A new approach to handling factorial moment correlations through principal component analysis
Nikolaos Davis

TL;DR
This paper introduces a novel method using Principal Component Analysis to improve intermittency analysis of factorial moments in high-energy collision data, effectively handling scale correlations without data subdivision.
Contribution
It presents a new PCA-based approach to address correlations in factorial moments analysis, enhancing the detection of power-law scaling in high-energy physics data.
Findings
PCA effectively manages scale correlations in factorial moments analysis.
The method improves the reliability of intermittency analysis in critical point searches.

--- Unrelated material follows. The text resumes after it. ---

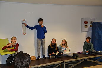 Während ein Teil der Eltern sich im alten Musiksaal an diesen Beiträgen erfreuen konnte, gab es für die anderen in der Mensa Informationen zum Hintergrund des alljährlichen Lateinamerika-Abends.

It eliminates the need for data subdivision in scale correlation handling.
Abstract
Intermittency analysis of factorial moments is a promising method used for the detection of power-law scaling in high-energy collision data. In particular, it has been employed in the search of fluctuations characteristic of the critical point (CP) of strongly interacting matter. However, intermittency analysis has been hindered by the fact that factorial moments measurements corresponding to different scales are correlated, since the same data are conventionally used to calculate them. This invalidates many assumptions involved in fitting data sets and determining the best fit values of power-law exponents. We present a novel approach to intermittency analysis, employing the well-established statistical and data science tool of Principal Component Analysis (PCA). This technique allows for the proper handling of correlations between scales without the need for subdividing the data sets…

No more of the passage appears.